Collected data:
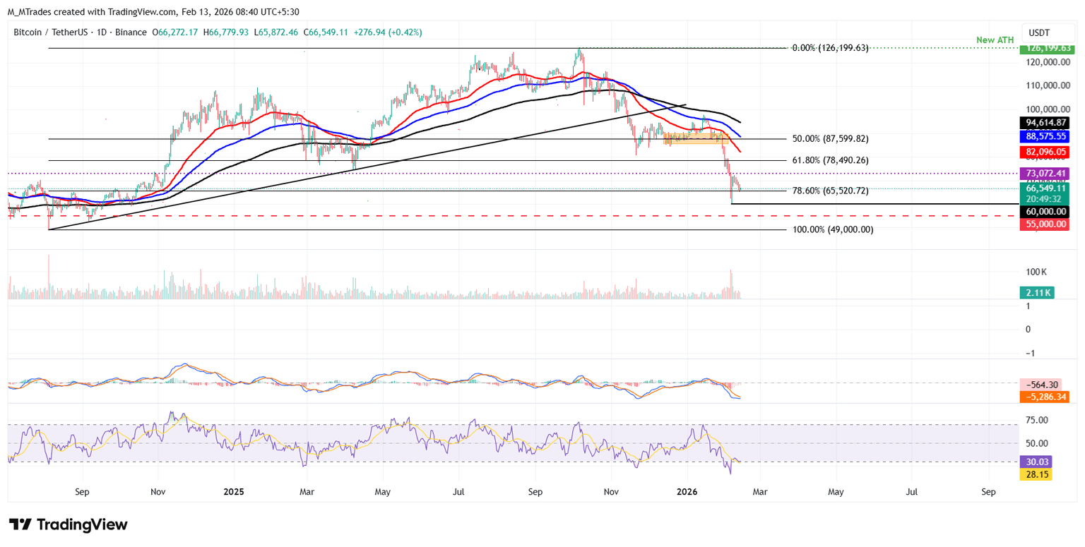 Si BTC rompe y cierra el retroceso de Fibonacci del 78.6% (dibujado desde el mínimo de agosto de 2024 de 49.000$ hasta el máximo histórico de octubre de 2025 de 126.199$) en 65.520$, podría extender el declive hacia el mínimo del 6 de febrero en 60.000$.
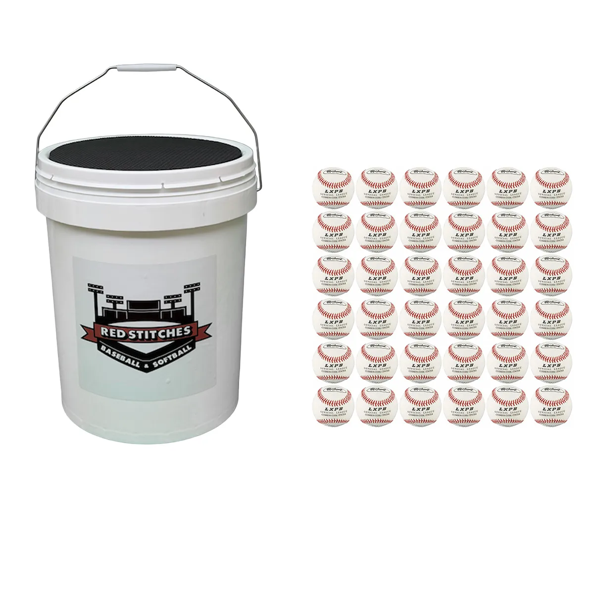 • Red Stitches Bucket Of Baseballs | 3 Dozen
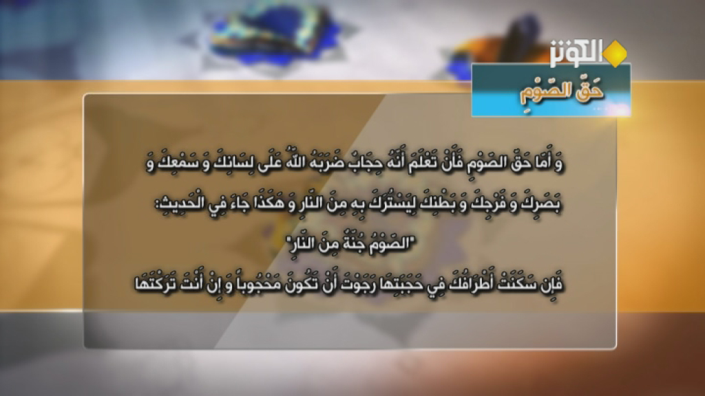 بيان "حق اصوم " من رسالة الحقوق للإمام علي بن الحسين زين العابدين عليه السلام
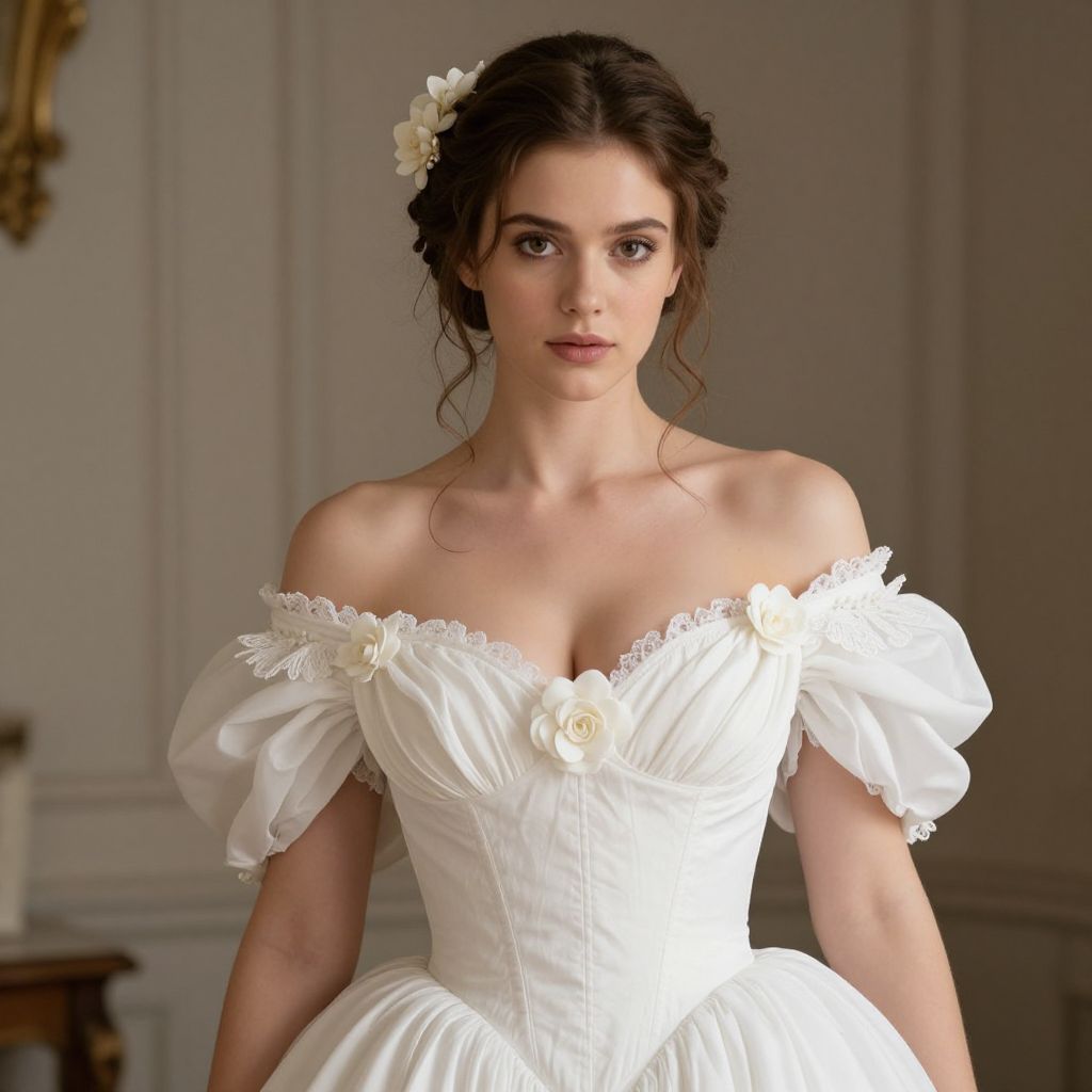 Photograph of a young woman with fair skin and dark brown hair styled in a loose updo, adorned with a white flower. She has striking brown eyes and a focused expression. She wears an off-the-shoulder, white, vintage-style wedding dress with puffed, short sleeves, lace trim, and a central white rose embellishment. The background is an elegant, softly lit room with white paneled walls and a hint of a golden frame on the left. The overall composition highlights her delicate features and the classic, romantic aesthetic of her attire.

What to produce: Give back the material exactly as written, images excluded.

Answer to the problem:
 Si BTC rompe y cierra el retroceso de Fibonacci del 78.6% (dibujado desde el mínimo de agosto de 2024 de 49.000$ hasta el máximo histórico de octubre de 2025 de 126.199$) en 65.520$, podría extender el declive hacia el mínimo del 6 de febrero en 60.000$.
 • Red Stitches Bucket Of Baseballs | 3 Dozen
 بيان "حق اصوم " من رسالة الحقوق للإمام علي بن الحسين زين العابدين عليه السلام
 Photograph of a young woman with fair skin and dark brown hair styled in a loose updo, adorned with a white flower. She has striking brown eyes and a focused expression. She wears an off-the-shoulder, white, vintage-style wedding dress with puffed, short sleeves, lace trim, and a central white rose embellishment. The background is an elegant, softly lit room with white paneled walls and a hint of a golden frame on the left. The overall composition highlights her delicate features and the classic, romantic aesthetic of her attire.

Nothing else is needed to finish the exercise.